Part three of our look at Formula 1’s 100 Grand Prix winners. This part looks at the careers of champions such as Jack Brabham, Phill Hill and Graham Hill.

21. Jack Brabham

First win: 1959 Monaco Grand Prix, Monte-Carlo
Total wins: 14
Nationality: Australian

Jack Brabham was one of the greatest driver-engineers – if not the very best. He persevered with the rear-engined Cooper and drove it to consecutive championship titles in 1959 and 1960. After that, front-engined cars were history in F1.

After that he formed his own team and, in 1966, became the first and only driver to win the championship in his own car. Barbham had a remarkably long career through some of the sports’ most dangerous periods, and in his retirement year of 1970 he was still wining races.

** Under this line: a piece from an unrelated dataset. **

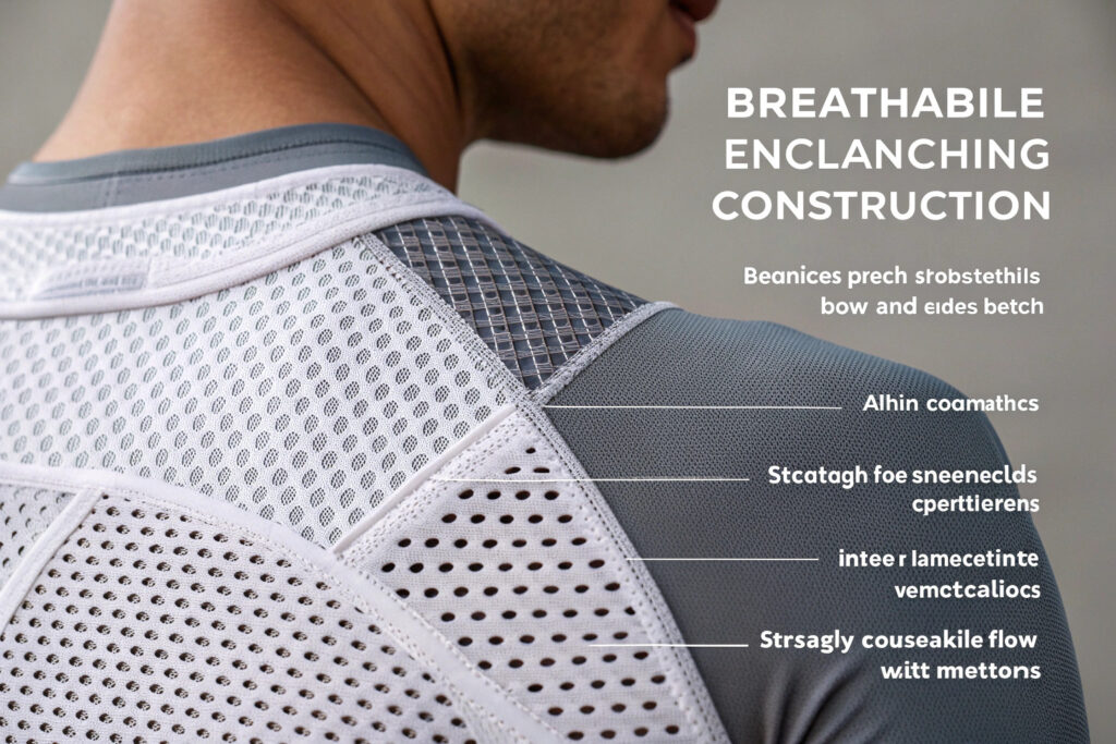 Breathability-enhancing construction includes seamless mesh integration, strategic stitching patterns, minimal internal structure, and assembly methods that prevent airflow obstruction.

Read more about Jack Brabham: Jack Brabham biography

22 Rodger Ward

First win: 1959 Indianapolis 500
Total wins: 1
Nationality: American

Ward was twice a winner of the Indy 500 but it only counted towards the F1 championship when he first won it in 1959, the other win following three years later.

23. Jo Bonnier

First win: 1959 Dutch Grand Prix, Zandvoort
Total wins: 1
Nationality: Swedish

Swede Bonnier started out as an ice racer and made his first F1 start at Monza in 1956. He ran is own Maserati in 1957-58 before joining BRM and scoring his maiden – and only – Grand Prix win in 1959.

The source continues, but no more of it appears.